The Dry Bones Come Together
The Jewish people illustrate their collective return to Israel when they celebrate the Passover feast each year. The Torah commands Jewish people around the world to gather their families on the 14th day of the first month (Leviticus 23:5, 7). When the Seder concludes, they cry out, “Next year in Jerusalem!” This statement is a biblically based hope that one day all the Jewish people—no matter where they have been scattered—will celebrate the feast in their homeland, Israel.
The most familiar biblical passage regarding the hope of a reconstituted Israel is Ezekiel 37. God gave the prophet Ezekiel a vision of dry, scattered bones and asked him, “Can these bones live?” (v. 3). The answer normally would be no, but in this case, Ezekiel knew the Person asking the question, and he responded accordingly, “O Lord Gᴏᴅ, You know” (v. 3). God asked Ezekiel this question at a time when the Jewish people were exiled in Babylon. Like the dry, scattered bones, these captives had no reason to hope of ever regaining nationhood. Yet in verse 7, the bones (the whole house of Israel, v. 11) started to rattle and make noise as they came together.
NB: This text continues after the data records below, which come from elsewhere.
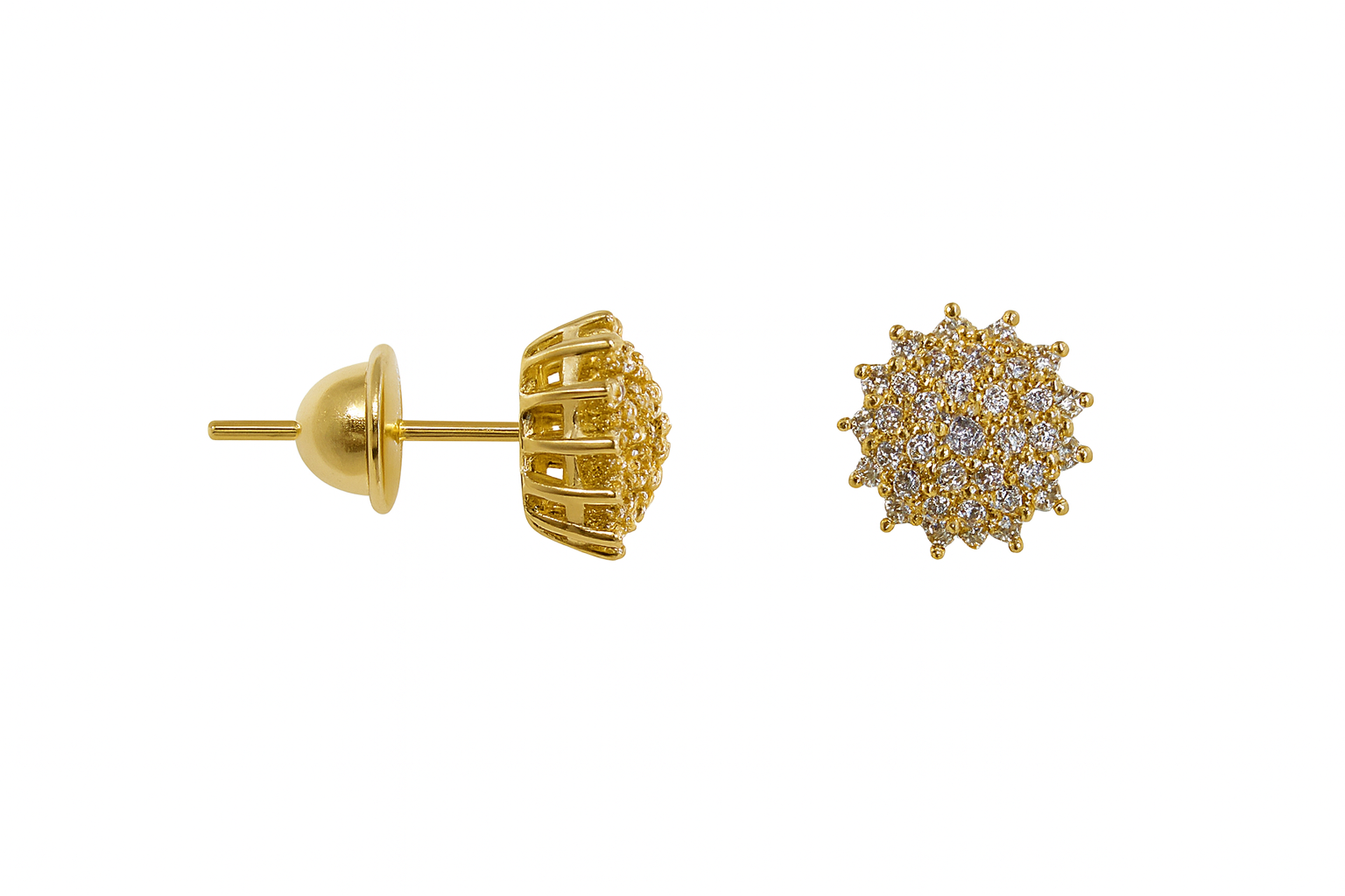 Brinco chuveiro redondo em ouro 18k com zircônias.
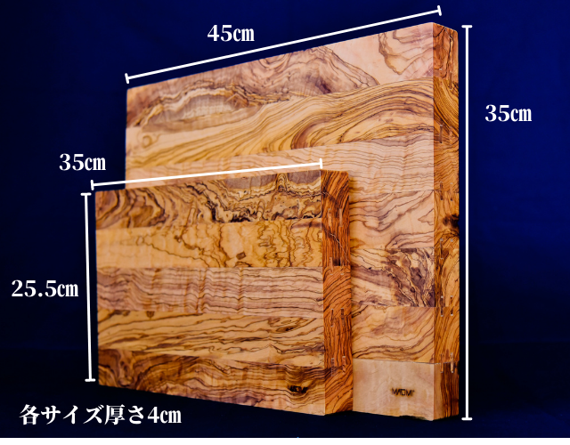 オリーブ材のまな板で厚みが4㎝もあるものはなかなかありません。
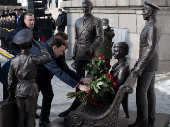 "Свердловская область – это родина сильных, смелых и мужественных людей, настоящих героев, которые делами доказывают свою верность России. В столетнюю годовщину Дня защитника Отечества у стен суворовского училища мы открываем скульптурную композицию – символ единства идеалов и традиций военнослужащих всех поколений. Здесь воплощены благодарность ветеранам и нынешним воинам, вера в нашу молодежь – в тех, кто в скором будущем примет эстафету воинской доблести и чести", — сказал во время церемонии Евгений Куйвашев.
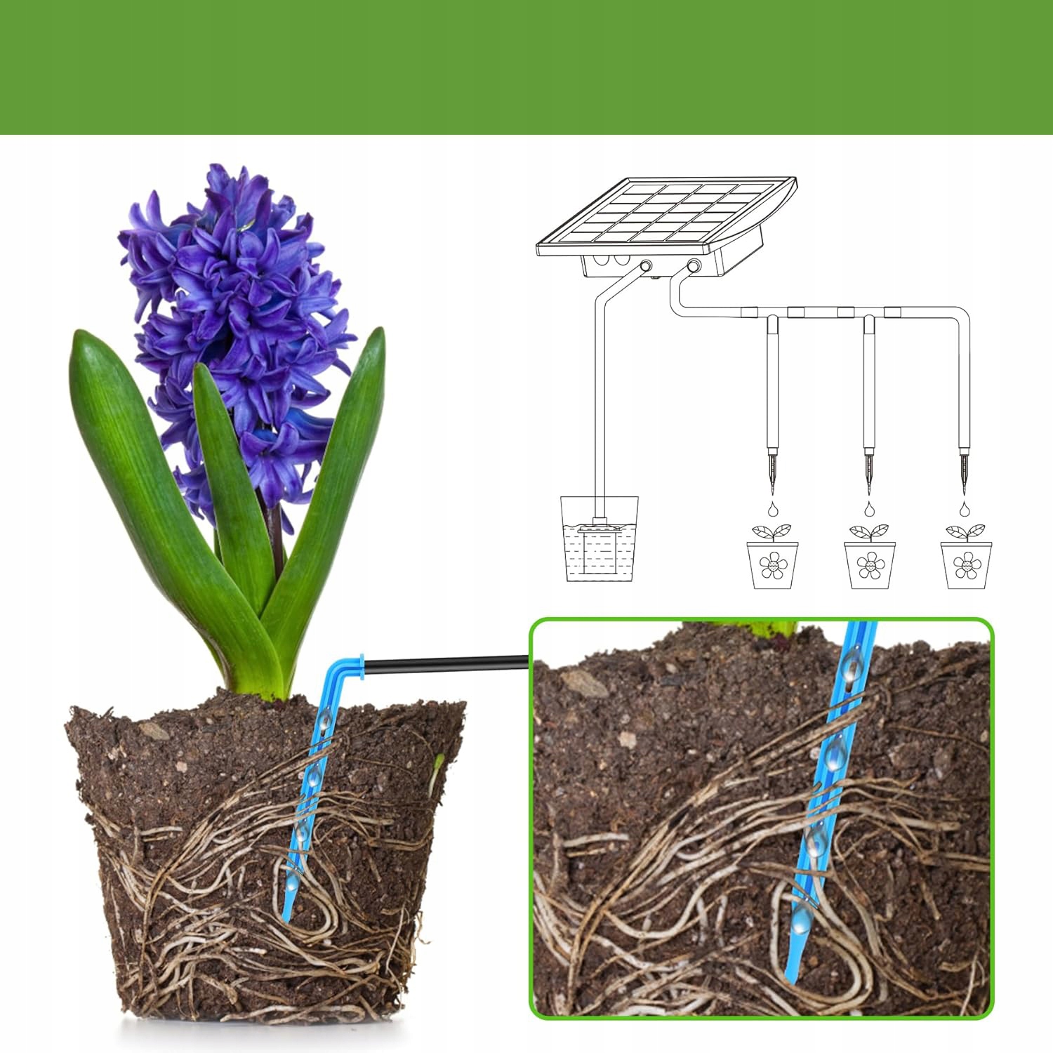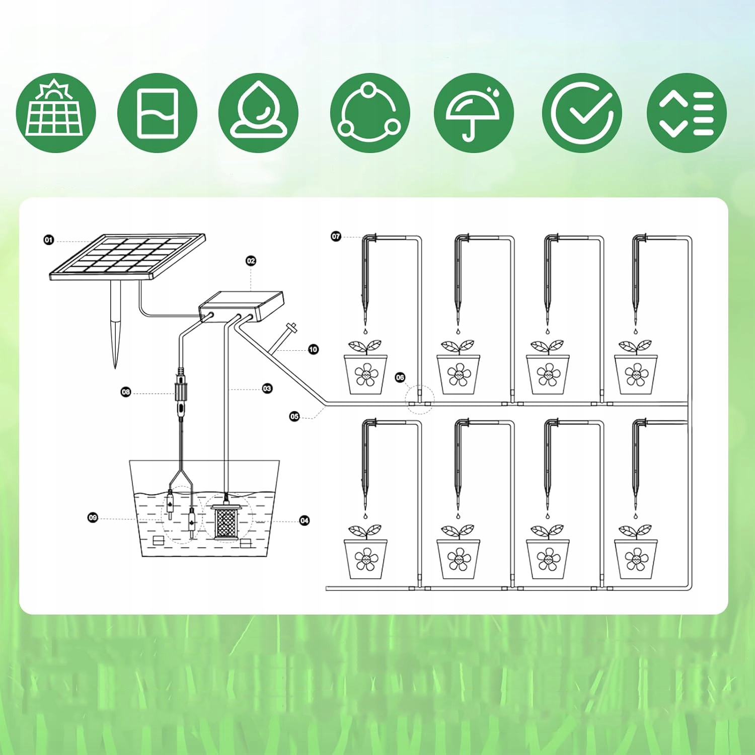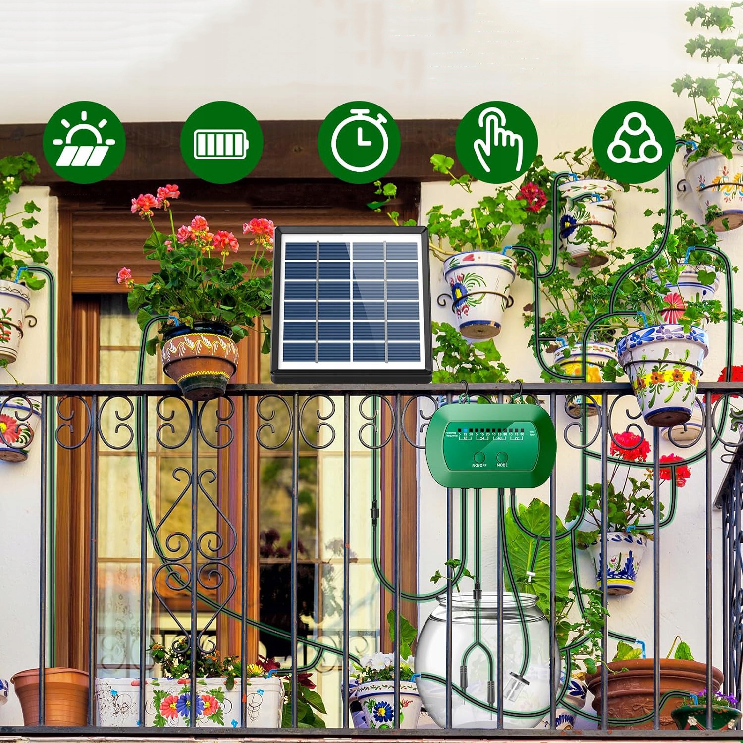 Автоматична система сонячного зрошення з 12 режимами регульованого таймера, час поливу - 5/10/15/20/30 хвилин , а частота поливу - 12/24/48/72 годин . Порівняно з традиційним зрошенням крапельки, було додано 6 режимів зрошення крапель, що економить щонайменше 90% води, що не тільки більш наукове та зручне, але й економить багато води.

That process has taken shape throughout modern Jewish history. The rattling began in 1897 when Theodore Herzl, a journalist from Vienna, led the first Zionist Congress to discuss the necessity of a Jewish homeland. It seemed like a dream. But it was no dream. Although the dry bones coming together seemed impossible, hundreds of thousands of Jewish people made aliyah (returned) to their land over the next 51 years. That land, largely deprived of its people for nearly 2,000 years, was finally seeing them come home.
Since then, Israel has survived four major wars: the 1948 War of Independence; the 1967 Six-Day War; the 1973 Yom Kippur War; and the current war with Hamas, the Houthis, Hezbollah, and Iran. It lived through two intifadas: 1987–1993 and 2000–2005. Yet here it stands in fulfillment of biblical prophecy, reconstituted, but with no breath in it (Ezekiel 37:8). American author Mark Twain said it best: “All things are mortal but the Jew; all other forces pass, but he remains. What is the secret of his immortality?”